Automated Reporting: A Game-Changer for Data Analysis

R
Data organization
Author
Published

Aug 2024

In the fast-paced world of data analysis, efficiency is key. Automated reporting is revolutionizing how we handle recurring data-rich reports, offering on-demand production and enhanced data exploration capabilities. This innovative approach not only saves time but also allows for deeper, more strategic insights. Parameterized reporting is a cutting-edge technique that enables simultaneous generation of multiple reports. This method not only boosts productivity but also significantly reduces errors associated with manual data handling.
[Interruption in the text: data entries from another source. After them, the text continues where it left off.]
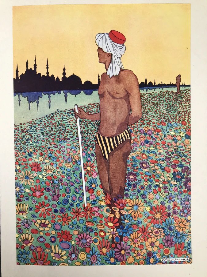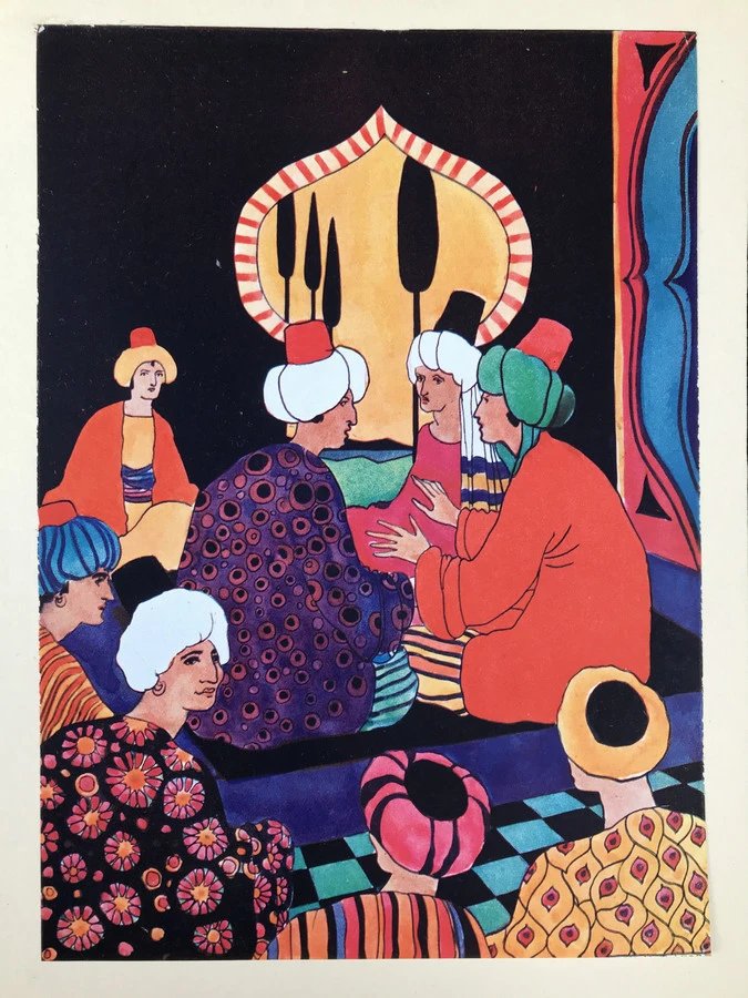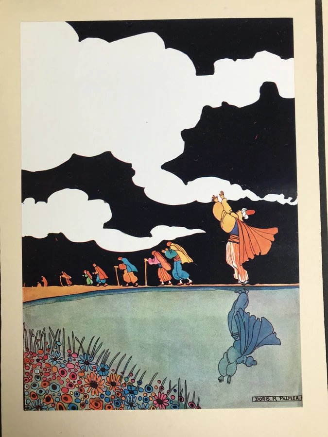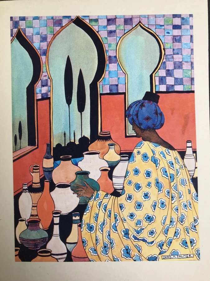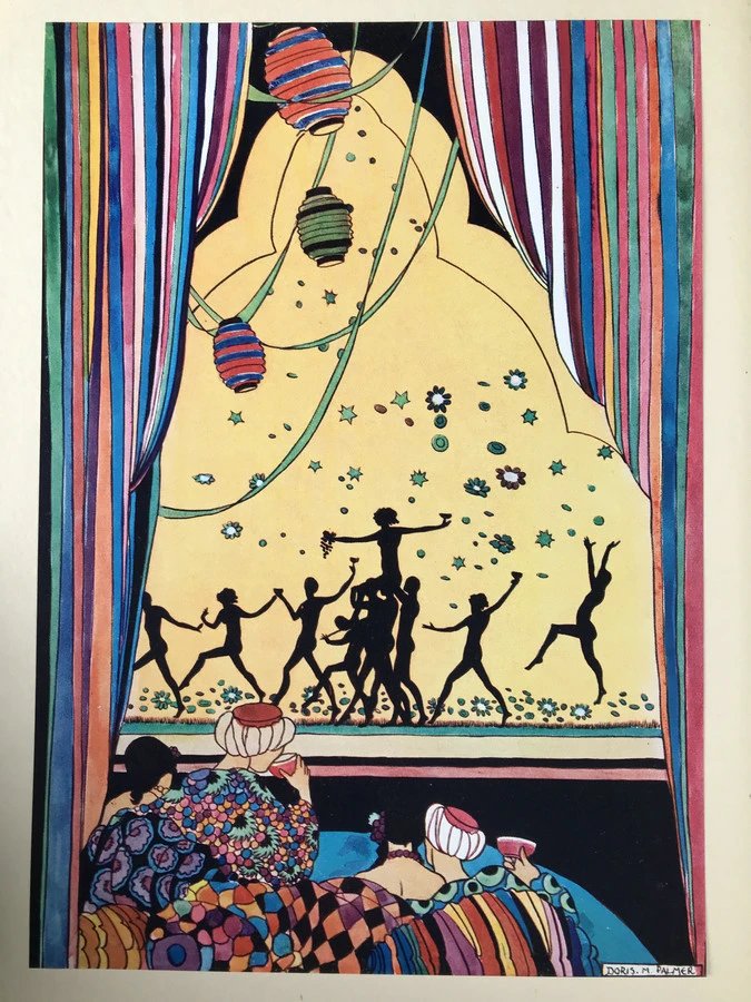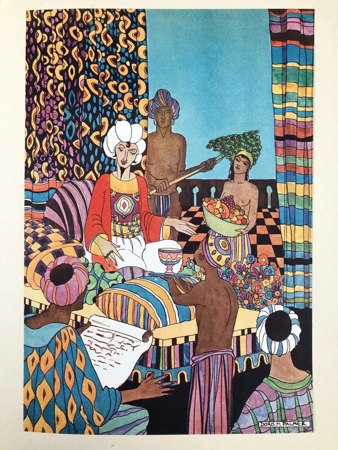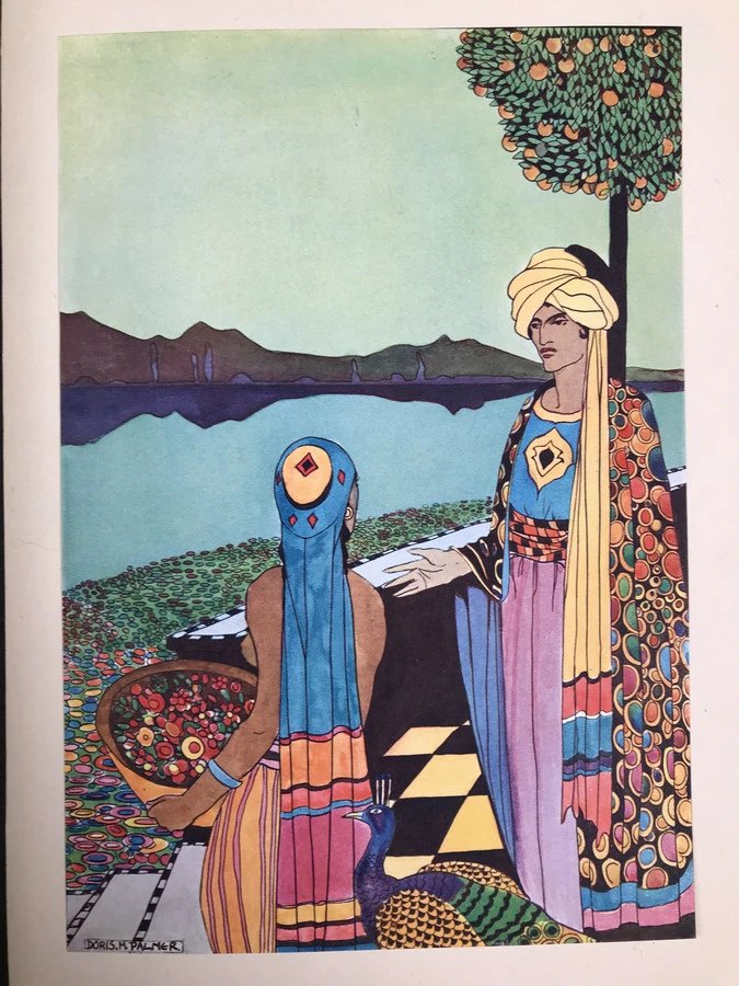 多丽丝·帕尔默的彩色插图为最受欢迎的《鲁拜集》插图版本之一,她的作品充满装饰艺术(Art Deco)风格,构图独特、色彩鲜艳、笔触精致、形象生动,被誉为“美丽而优雅”。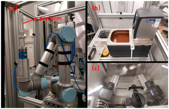 The robotic controlled test rig: (a) the robotic arm used to hold the specimen; (b) the oil bath device; (c) high-speed cameras used for monitoring the deformation.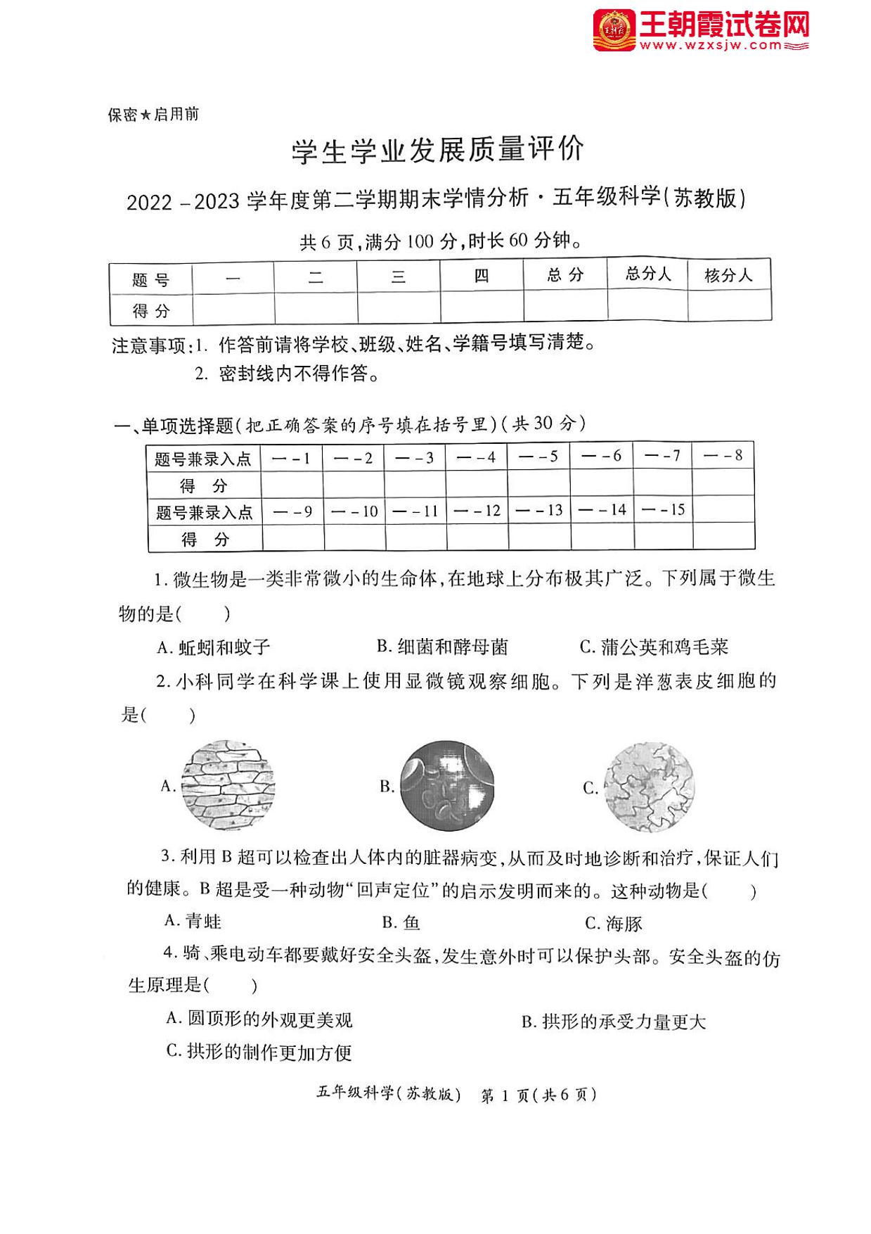 四川省绵阳市经开区2022-2023学年度第二学期期末学情分析试卷五年级科学(苏教版)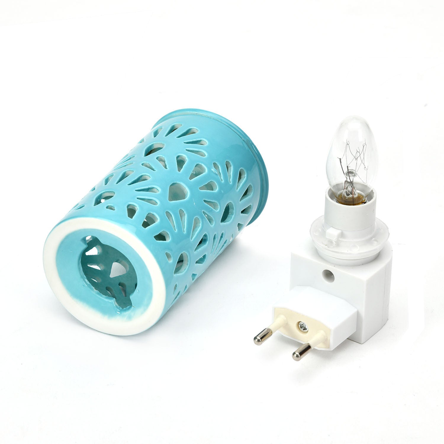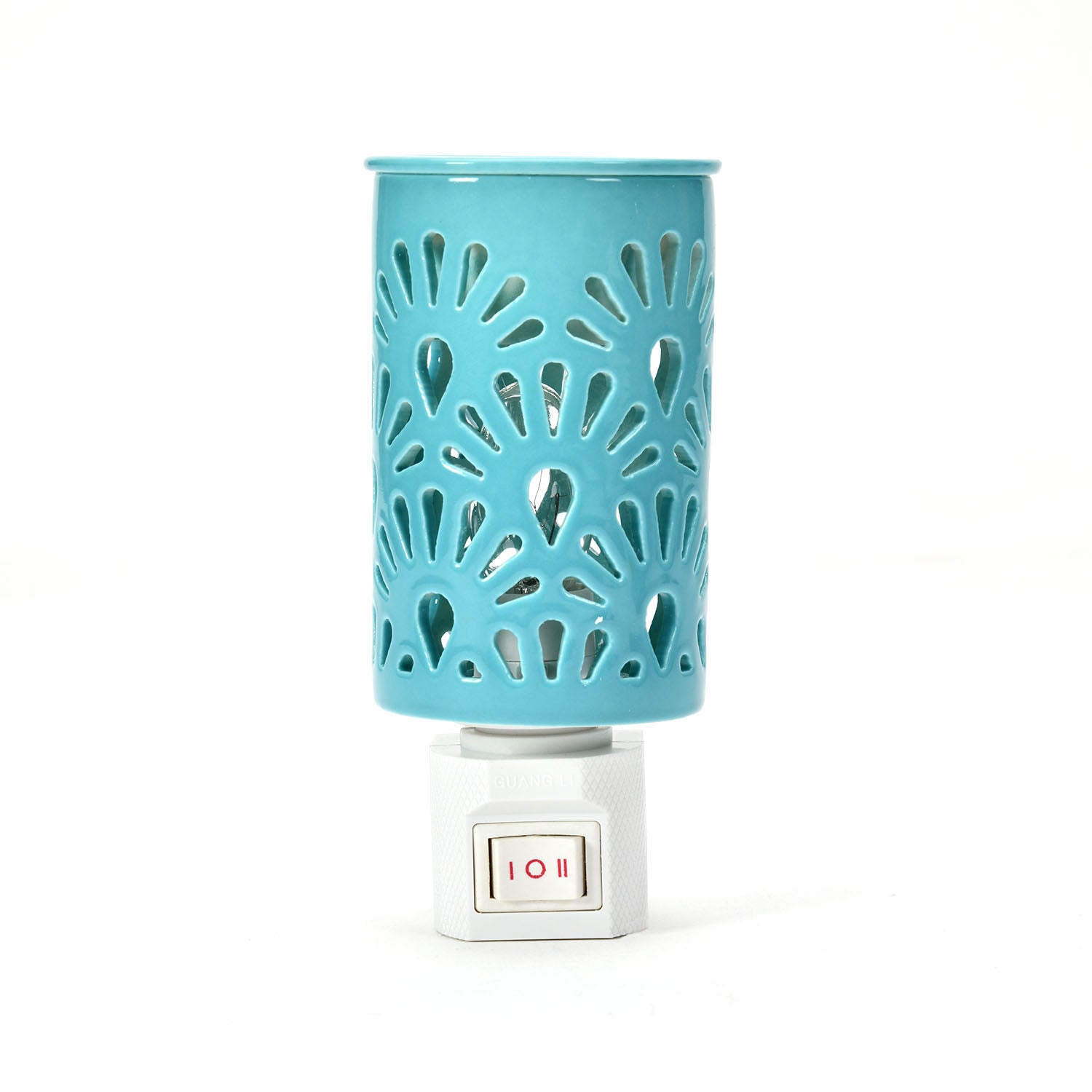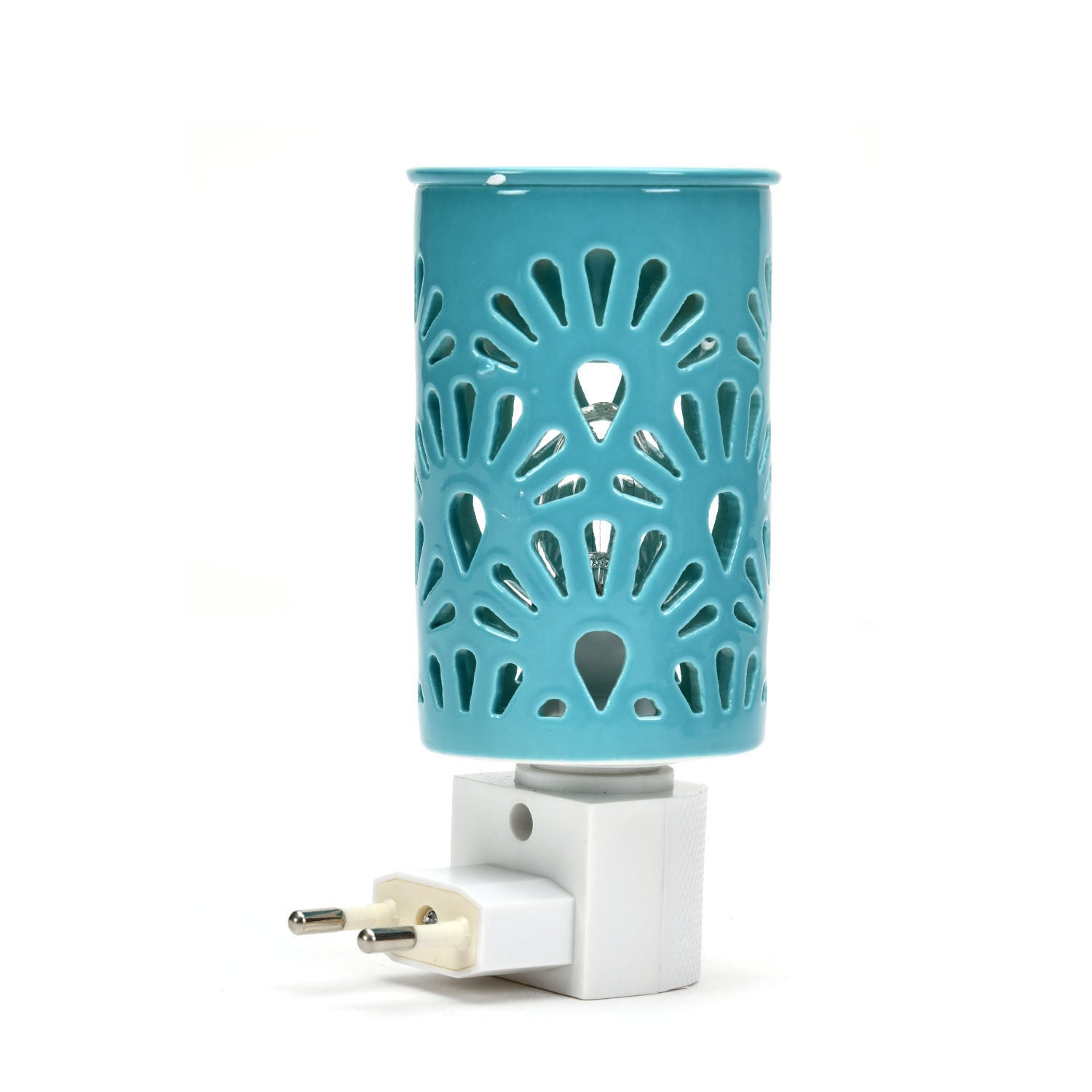 Warm up your ambience with mood lighting, a shadow effect, and a pleasant aroma with the Cylindric Electric Diffuser. This elegantly electric plugin diffuser, made from porcelain, has patterned cutouts in a serene sea-green colour that lends an aesthetic appeal to the diffuser. When turned on, the bulb inside the diffuser casts a shadow on your room for a mesmerizing effect. You can enhance this welcoming feel by adding aroma oils or wax melts to the diffuser top. So this Cylindric Electric Diffuser elevates your home with warm lighting and soothing aromatherapy, making it ideal for meditation, yoga, and relaxation. If you want your home, office, or spa to feel peaceful, this plugin diffuser is for you.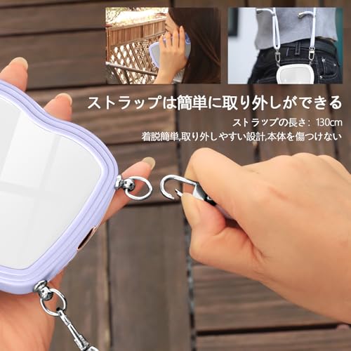 Google pixel 7A 用の ケース ショルダー クリア TPU ピクセル 7a スマホケース カバー 創意 個性 肩掛け 首掛け 斜めかけケース 可愛い かわいい 韓国 透明 耐衝撃(パープル)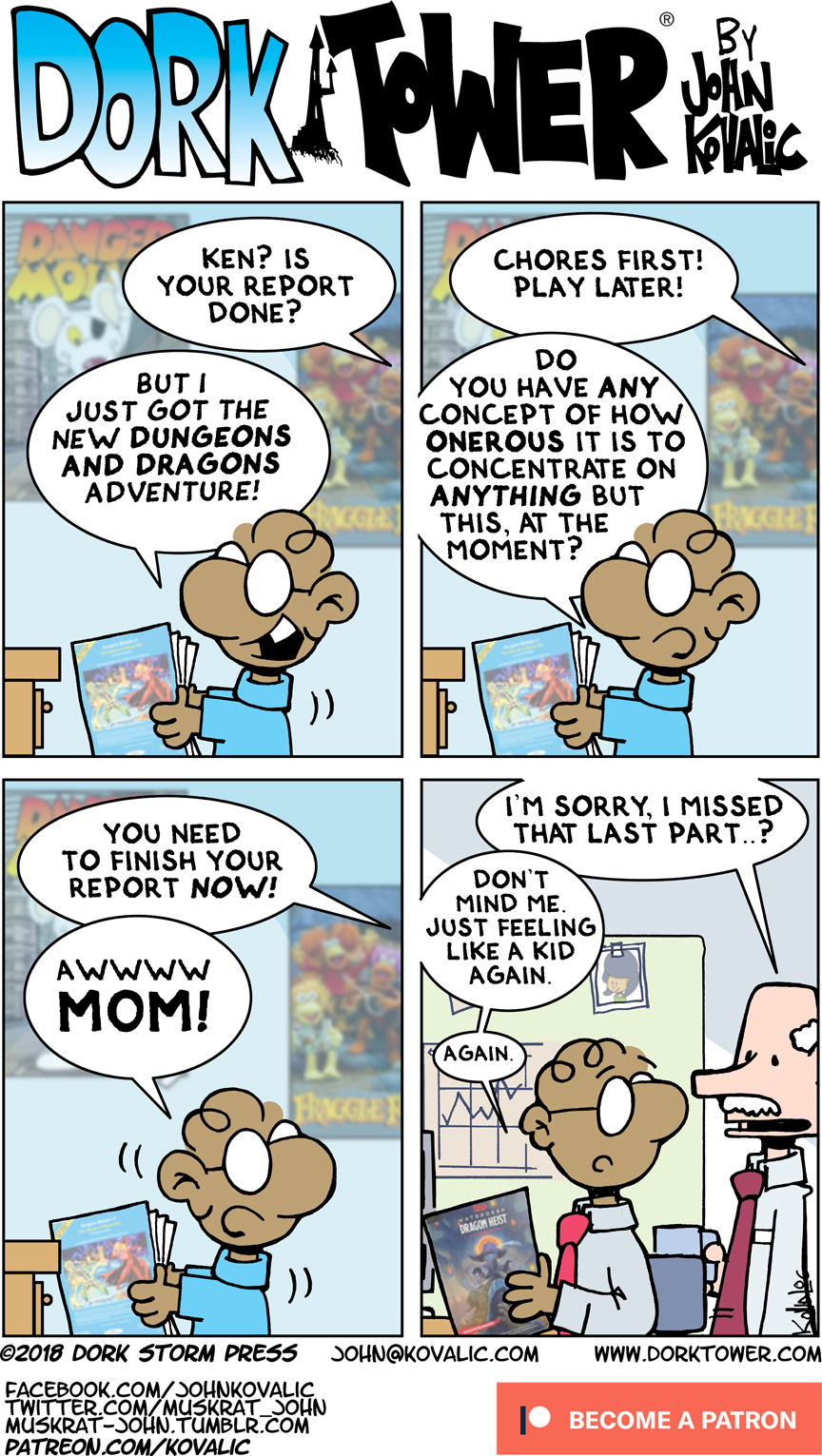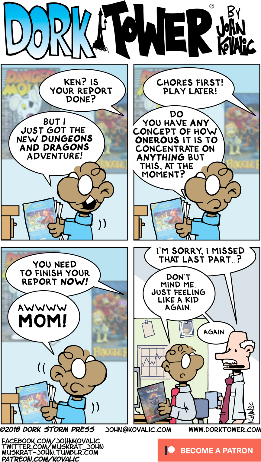 Someone wrote in to let me know that the link to the first strip is broken, and the archives on DorkTower.com are, and I quote, “crap.”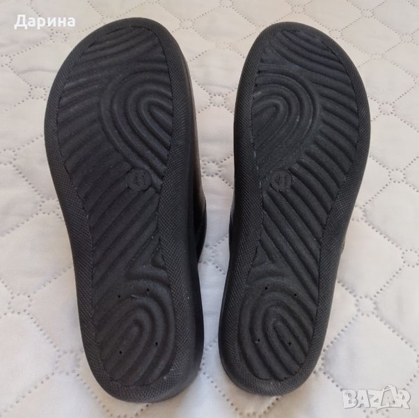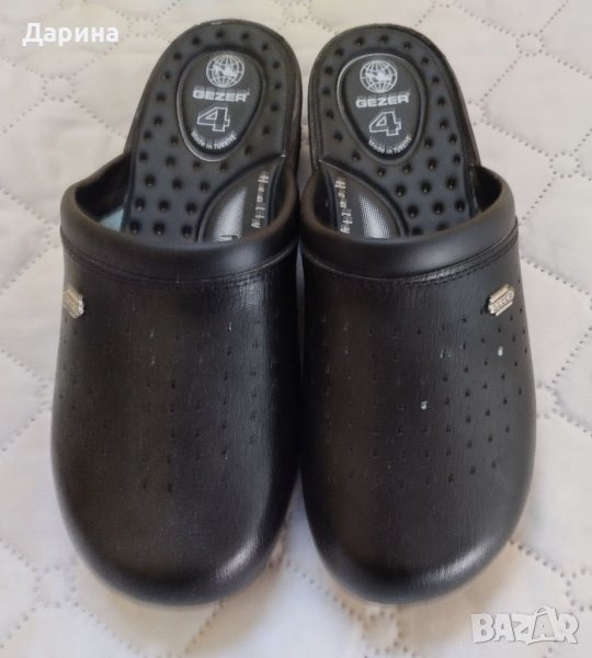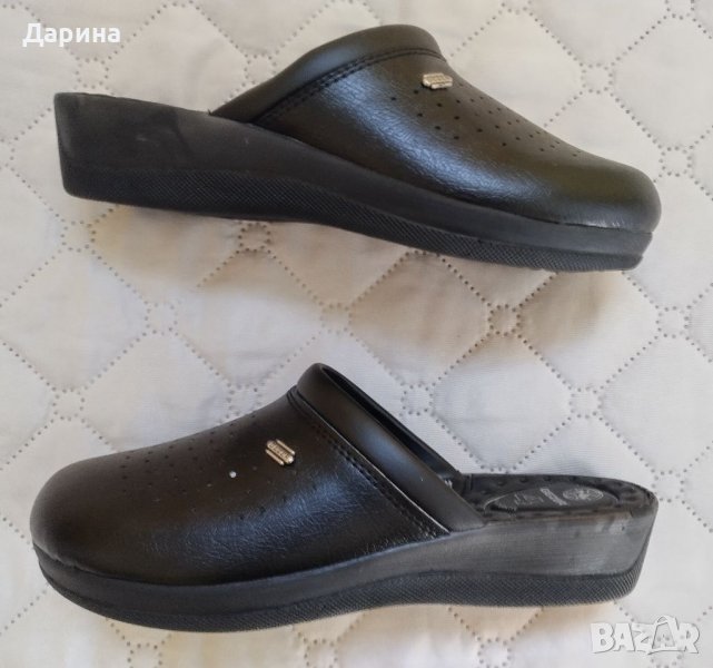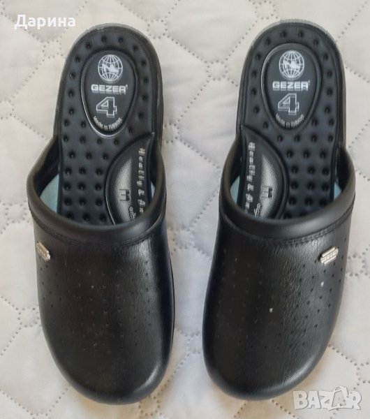Дамски чехли на турската марка GEZER , изработени от мека еко кожа , която е перфорирана в горната си част за добра вентилация и с ортопедична стелка , която позволява целодневно ползване без умора и миризми . Чехлите са удобни и меки , а подметката е дебела и леко еластична на пръстите . Стелка : 26 см . Нови . Изпращам с Еконт за сметка на купувача .

Goal : The objective of this report is to demonstrate how to create automated custom reports with Quarto and Purrr in R to track patient days from public data.

Real-World Application: California MRSA Data Analysis

To illustrate the power of automated reporting, let’s consider a case study using data from the California California Health and Human Services Open Data Portal. The demo uses the data from All California general acute care hospitals are required to report Methicillin-resistant Staphylococcus aureus (MRSA) bloodstream infection (BSI) cases that occur following hospitalization. MRSA is a serious, contagious bacterial infection that starts on your skin. It’s a type of staph infection that resists most common antibiotics, making it especially dangerous. Without treatment, MRSA can be deadly.

Step-by-Step Guide

Step 1: Create a Single Report Template

We began by preparing a single report template using data from 2022. This template serves as the foundation for all subsequent reports. Let’s prepare a single report as a template from the data in 2022.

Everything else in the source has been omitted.